Song Of The Day 9/3/2014: The Lurkers - "New Guitar In Town"


Untitled Punk Week: It's amusing, even a little bit heartening, to see so many bands from the second or third tiers of Anglo-Saxon punk to be so admired by their cult audiences, even as those audiences go to some effort to describe just how amateur the band was in the first place. Sometimes just flat-out bad. I realize that's part and parcel of the whole punk credo at the time, but it still amazes me as a resident of America, where we placed over-extended importance on the notion that our bands were at least competent. They had their Pete Shelleys and their Anti-Nowhere Leagues, and we just threw back Tom Scholz and his devices of extraordinary wankery. And they laughed, and continued on their merry way. I sometimes think I was misplaced on the wrong side of the ocean. I'm still open to visa invitations, though.

We saw some of this hobbled embrace yesterday with The Mansons from Australia, and now I've seen full-out disparagement of The Lurkers from London, courtesy of the tremendously entertaining Punky Gibbons site, who have the following to say about the Lurkers. Once again, this is a fan site:
Now recognised by lazy journalists everywhere as London's answer to the Ramones, The Lurkers had all the alleged stoopidty of their New York counterparts but less of their skill for writing preposterously great songs. Regardless of this, they somehow managed to be hugely entertaining despite being sort of...well, maybe crappy is too strong a word, but not first rate. They lacked the sartorial flare or political ire of The Clash (for instance), couldn't come close to the Pistols for sheer nihilistic rage, had none of the Buzzcocks' intellectual underpinnings, and weren't snobby poseurs like Siouxsie & The Banshees. Moreover, Howard Wall's monotone vocal skills were decidedly under par and Manic Esso was only capable of the one drum “pattern”. However, Pete Stride summoned up some impressive wall of sound guitar noises, wrote some of the new wave's most ridiculous lyrics and matched them with infectiously catchy singalong tunes.
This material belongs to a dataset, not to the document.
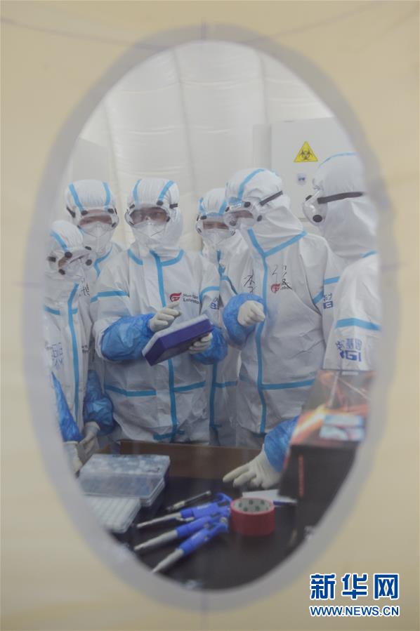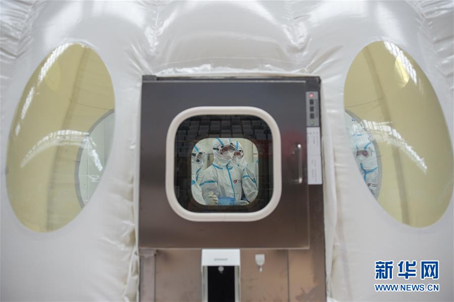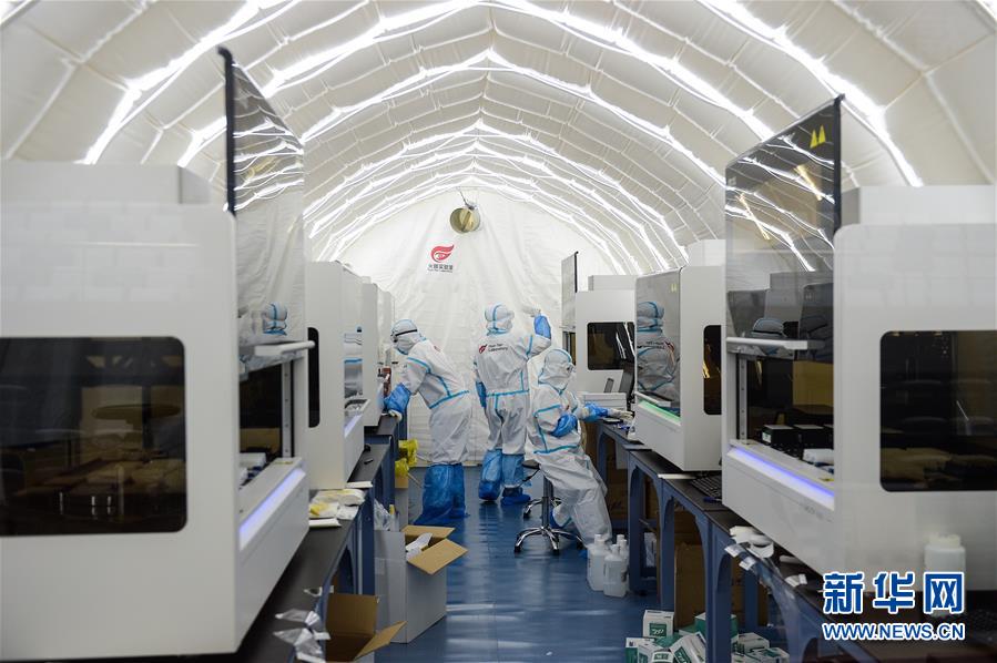 出于北京市疫情防控工作的需要,北京大兴区体育中心综合馆内正在搭建一个可移动、自动化、大通量的核酸检测实验室。目前,工人们正在紧张地进行设备安装和调试。据介绍,气膜版“火眼”核酸检测实验室6月19日下午开始搭建。两天多时间基本上完成了设备安装和调试。9个高3.5米、占地70多平方米的拱形白色气膜舱已搭建完毕,14台自动化核酸提取设备准备就绪。这个北京首座气膜版“火眼”核酸检测实验室正式运转后,实验室核酸检测能力可达到每天上万人份,缓解当前核酸检测压力。新华社记者彭子洋摄
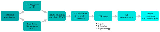- Bankur, P.K.; Nayak, A.; Bhat, K.; Bankur, R.; Naik, R.; Rajpoot, N. Comparison of culture and polymerase chain reaction techniques in the identification of Tannerella forsythia in periodontal health and disease, an in vitro study. J. Indian Soc. Periodontol. 2014, 18, 155–160. [Google Scholar] [CrossRef] [PubMed]

So, to recap: in spite of their second-rateness, they were great. And not just great, but really great.
I'm not gonna take the bait of a Ramones comparison no way no how, but I agree on the winking pleasures of "New Guitar In Town," even if it strikes me as landing more on the power-pop side than the Oi! side. The Lurkers were the first band signed to Beggars Banquet Records and went through enough of the predictable lineup switchouts that I don't exactly know who's responsible for everything on this record. You have Google as much as I do.

The Lurkers reunited a few years ago with absolutely zero original members, although bassist Arturo Bassick was at least there for most of it. Their 2003 album 26 Years contained some compressed guitars and suspiciously good harmony vocals, but also a very nice song that double-referenced punk and Dirty Harry's most famous tagline.